Highlights & Insights¶
- Extremely Simple Implementation: Requires modifying only a few lines of existing CFG code, directly inheriting most hyperparameters.
- Unity: Integrates guidance-free training methods for diffusion, AR, and masked models for the first time.
- Theoretical Guarantee: Theorem 1 proves that the optimal solution of GFT is consistent with the target CFG sampling distribution.
Limitations & Future Work¶
- The authors acknowledge that the sampling distribution of \(\beta\) (uniform distribution) may not be optimal.
- Validation on large-scale T2I generation (such as SDXL level) remains insufficient.

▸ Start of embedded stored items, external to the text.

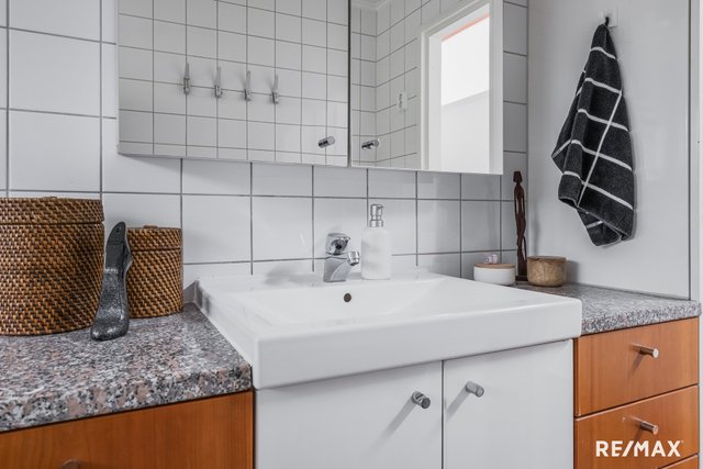 Kodinhoitohuone on sijoitettu käytännöllisesti alakertaan ja sieltä on suora käynti takapihalle (esim. pyykeille). Alakerrassa erillinen WC vieraille ja yläkerrassa toinen kylpyhuone/WC.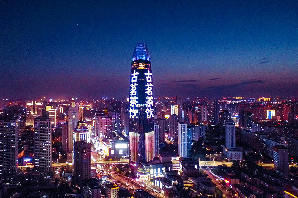 (古茗投放濟南地標媒體--濟南綠地中心廣告)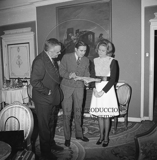 Los Principes Rainiero y Grace de Monaco en el hotel Palace de Madrid con el periodista Jaime Peñafiel, ojean las fotos Campua que se han publicado en la revista HOLA con motivo de su visita a España.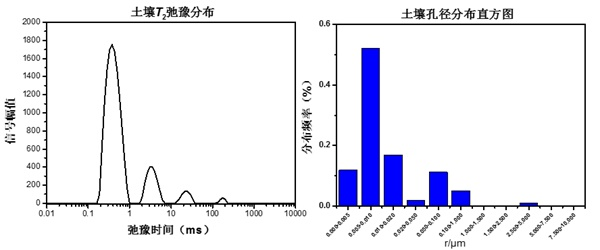 土壤T2分布圖以及土壤的孔徑分布直方圖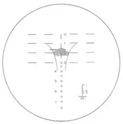 The sights are optical; three types of different optical sights exist (Kr, D and NE), of which two (Kr and D) share the same reticle; the NE sight has a stadiametric rangefinder reticle.[2] There's provision for illuminating the reticle and the stadia marks in the NE sight.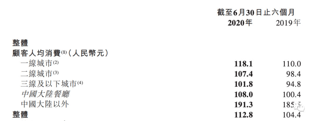 但便宜显然不是海底捞的发展方向。海底捞每年都在涨价,近几年几乎每年人均消费额都以3%的幅度增长,从人均客单量90元到人均客单量110元花了7年时间,而2020年上半年海底捞的客单价提升8%,一线城市人均消费直逼120元。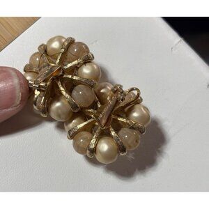 Vintage Marvella Clip-On Earrings With Faux Pearl & Swirled Bead Design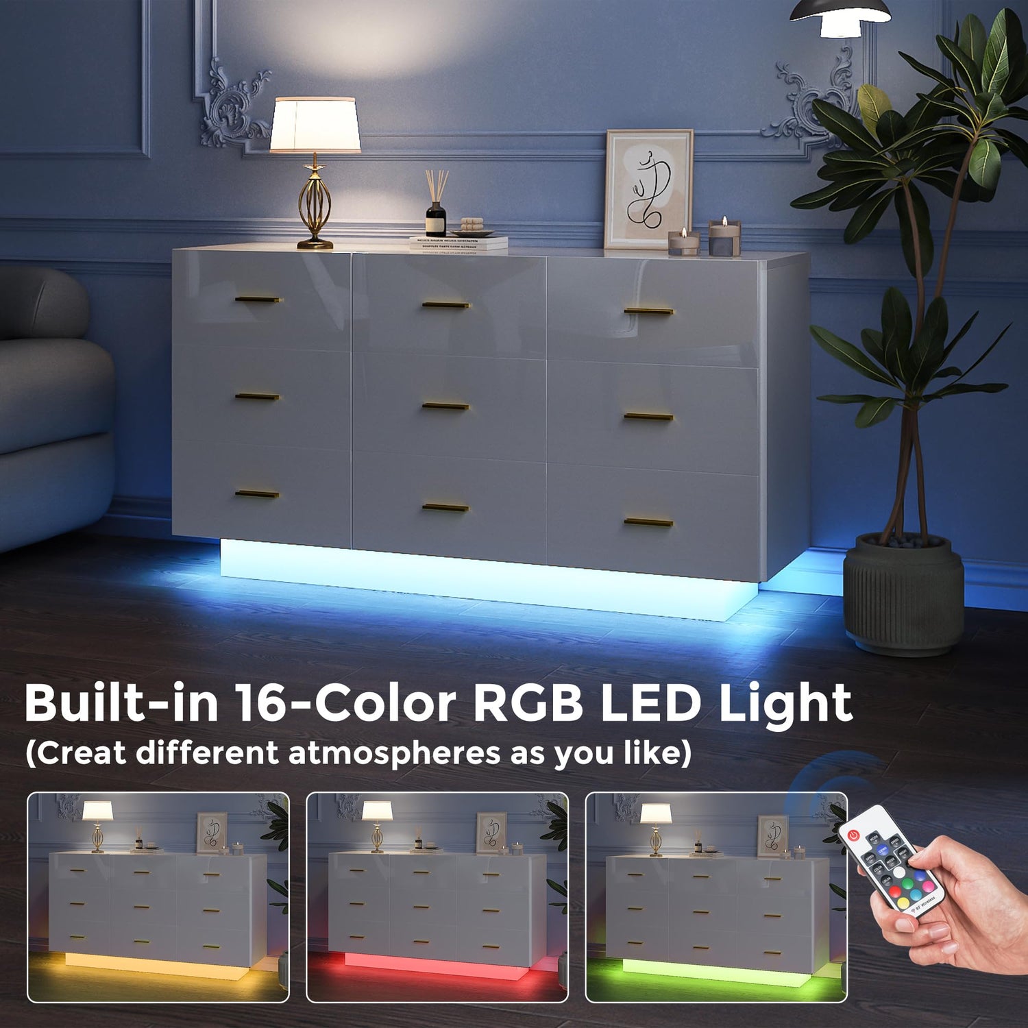 - 【DRESSER WITH LED LIGHT】- This 9 Drawer Dresser comes with a built - in LED lights, combining functionality with style. The LED lights offer you 16-color options, which can be easily controlled by the included remote, allowing you to set the perfect mood for any scene.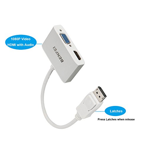 Portable adapter connects a DisplayPort (DP, DP++, DisplayPort++) equipped laptop or desktop to an HDTV, monitor, or projector with HDMI or VGA input; An HDMI or VGA cable (sold separately) is required

- The integration with acceleration methods like consistency models has not been explored.
Rating¶
- Novelty: ⭐⭐⭐⭐ The parameterization perspective is ingenious, though the core is mathematically a reformulation of CFG.
- Experimental Thoroughness: ⭐⭐⭐⭐⭐ Full coverage across five models, class-conditional/text-conditional settings.
- Writing Quality: ⭐⭐⭐⭐⭐ Clear derivation and fair experimental comparisons.
- Value: ⭐⭐⭐⭐⭐ Highly practical, with strong potential to become a standard method replacing CFG.